*** Dataset records Section Begins ***

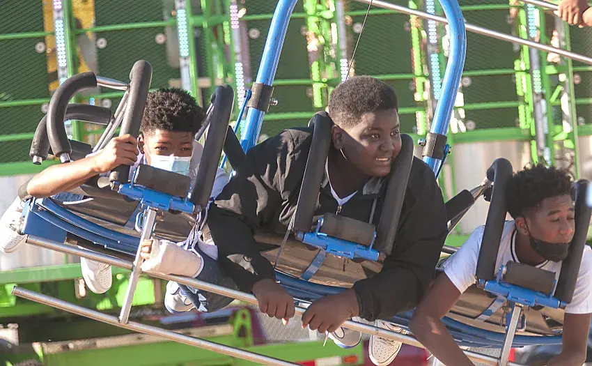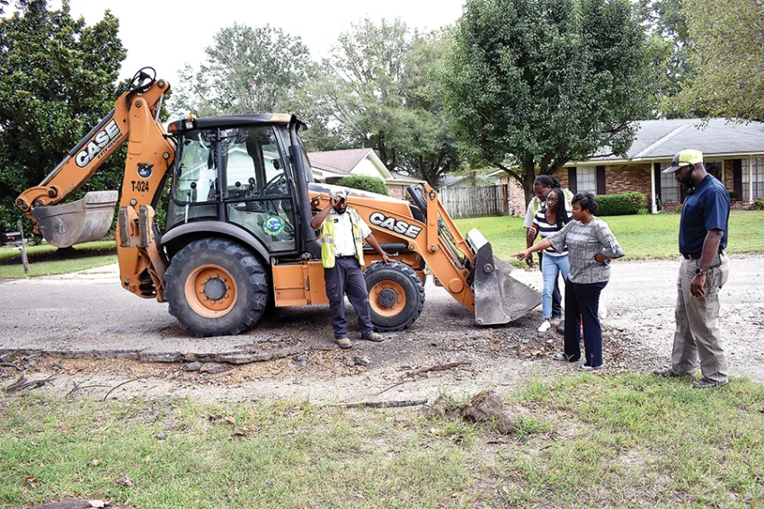 Councilwoman Tasha Banks, second from right, and Street/Utility Director Ronnie Washington, far right, examine a portion of curb on Pear Lane that had turned almost completely over along with Ward 5 resident Tasha Hudson, center, and operators Steven Gross and Lamont Brown. The curb has since been repaired and Pear Lane is now awaiting an overlay by the Washington County Road Department.
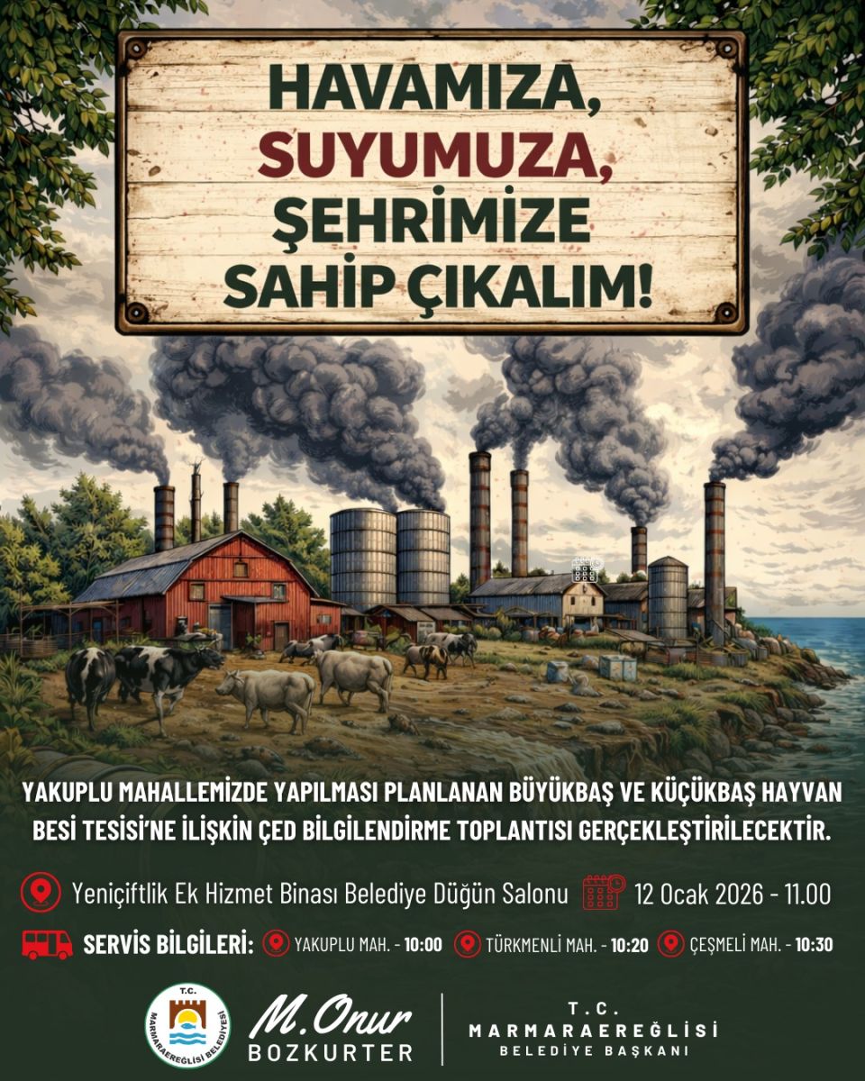 Başkan Bozkurter sosyal ve dijital medya hesaplarından yaptığı çağrıda, “Yakuplu Mahallemizde yapılması planlanan Büyükbaş ve Küçükbaş Hayvan Besi Tesisi’ne ilişkin ÇED Bilgilendirme Toplantısı gerçekleştirilecektir.
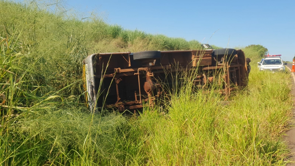 Micro-ônibus com 4 estudantes a caminho de Fernandópolis tomba na Vicinal Carlos Gandolfi
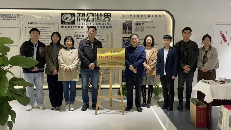 11月11日,重庆大学博雅学院与四川科幻世界杂志社有限公司(以下简称科幻世界)在《科幻世界》编辑部举办了“重庆市研究生联合培养基地”揭牌仪式暨未来发展座谈会。
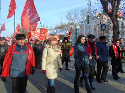 7 ноября, в годовщину Великой Октябрьской Социалистической революции, барнаульские коммунисты провели демонстрацию и митинг. Организатором мероприятия выступил Алтайский крайком КПРФ.
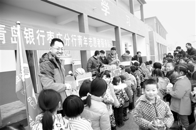 晚报讯 (记者 苏羽 通讯员 刘希伟 王琛 摄影报道)近日,青岛银行枣庄分行青年志愿者服务队来到位于革命老区的山亭区凫城镇崔庄小学,开展了“传递新年快乐,传递爱与梦想”活动,为革命老区的贫困留守儿童送去新年礼物。
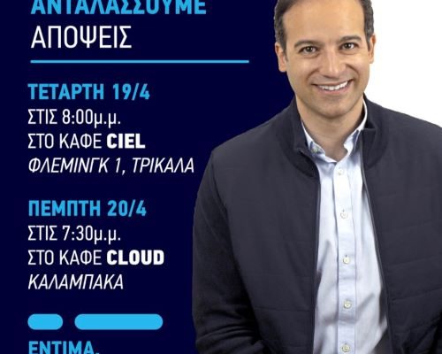 Έτσι λοιπόν για το επόμενο διήμερο έχει προγραμματίσει δύο συναντήσεις με νεολαίους και όχι μόνο σε δύο νεανικά στέκια, ένα στα Τρίκαλα και ένα στη Καλαμπάκα. Αναλυτικά το πρόγραμμα των συναντήσεων του έχει ως εξής:
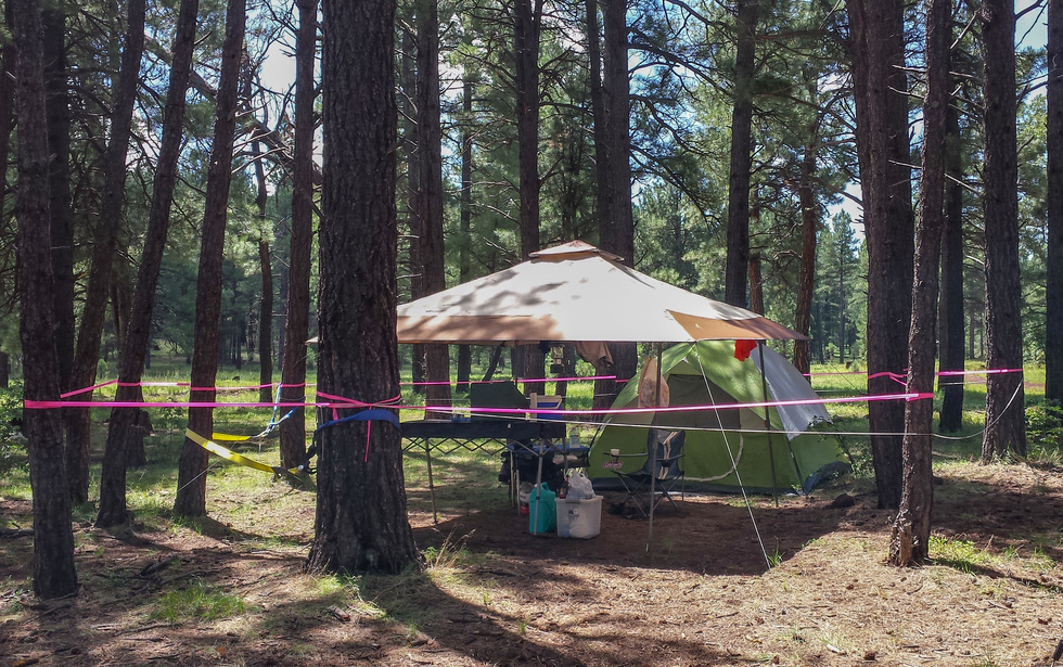 The NoNot corral. When NoNot set up his Taj Mahal camp the horses stopped hanging out at my camp and focused their attention on his camp. The pink tape, rope and tow straps strung out around his camp kept the horses out with limited success. When one got trapped inside the corral we had to drop the "fence" to let him out before he knocked down the tent.
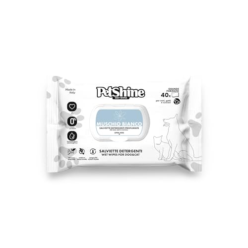 PetShine Hygienservetter för hund och katt, vit mossa och Aloe Vera, 40 st, skonsam rengöring, alkoholfri, naturlig doft, lämplig för känslig hud
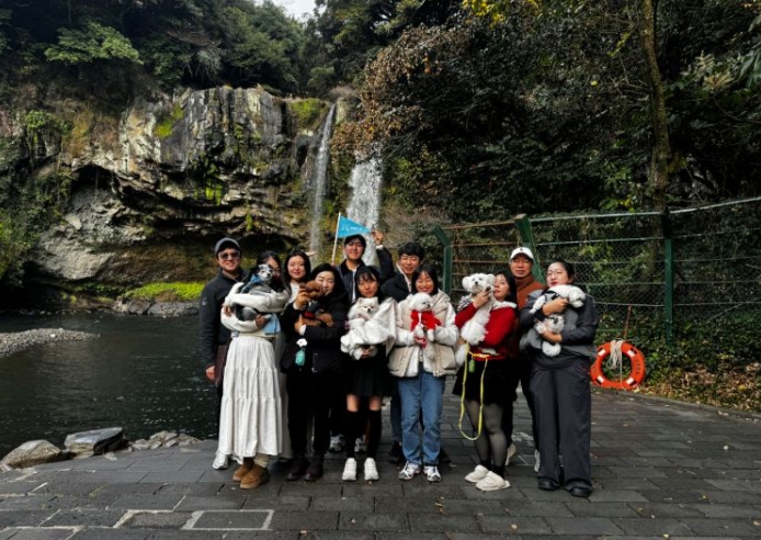[뉴스다컴] 서귀포시는 12월 23일 반려동물 동반 관광상품을 운영하는 H여행사 일행 10명과 반려동물 6마리가 천지연폭포를 방문했다고 밝혔다.

*** Dataset records Section Ends ***

All of the entries above should be retyped exactly, with the pictures left out.

 Councilwoman Tasha Banks, second from right, and Street/Utility Director Ronnie Washington, far right, examine a portion of curb on Pear Lane that had turned almost completely over along with Ward 5 resident Tasha Hudson, center, and operators Steven Gross and Lamont Brown. The curb has since been repaired and Pear Lane is now awaiting an overlay by the Washington County Road Department.
 Başkan Bozkurter sosyal ve dijital medya hesaplarından yaptığı çağrıda, “Yakuplu Mahallemizde yapılması planlanan Büyükbaş ve Küçükbaş Hayvan Besi Tesisi’ne ilişkin ÇED Bilgilendirme Toplantısı gerçekleştirilecektir.
 Micro-ônibus com 4 estudantes a caminho de Fernandópolis tomba na Vicinal Carlos Gandolfi
 11月11日,重庆大学博雅学院与四川科幻世界杂志社有限公司(以下简称科幻世界)在《科幻世界》编辑部举办了“重庆市研究生联合培养基地”揭牌仪式暨未来发展座谈会。
 7 ноября, в годовщину Великой Октябрьской Социалистической революции, барнаульские коммунисты провели демонстрацию и митинг. Организатором мероприятия выступил Алтайский крайком КПРФ.
 晚报讯 (记者 苏羽 通讯员 刘希伟 王琛 摄影报道)近日,青岛银行枣庄分行青年志愿者服务队来到位于革命老区的山亭区凫城镇崔庄小学,开展了“传递新年快乐,传递爱与梦想”活动,为革命老区的贫困留守儿童送去新年礼物。
 Έτσι λοιπόν για το επόμενο διήμερο έχει προγραμματίσει δύο συναντήσεις με νεολαίους και όχι μόνο σε δύο νεανικά στέκια, ένα στα Τρίκαλα και ένα στη Καλαμπάκα. Αναλυτικά το πρόγραμμα των συναντήσεων του έχει ως εξής:
 The NoNot corral. When NoNot set up his Taj Mahal camp the horses stopped hanging out at my camp and focused their attention on his camp. The pink tape, rope and tow straps strung out around his camp kept the horses out with limited success. When one got trapped inside the corral we had to drop the "fence" to let him out before he knocked down the tent.
 PetShine Hygienservetter för hund och katt, vit mossa och Aloe Vera, 40 st, skonsam rengöring, alkoholfri, naturlig doft, lämplig för känslig hud
[뉴스다컴] 서귀포시는 12월 23일 반려동물 동반 관광상품을 운영하는 H여행사 일행 10명과 반려동물 6마리가 천지연폭포를 방문했다고 밝혔다.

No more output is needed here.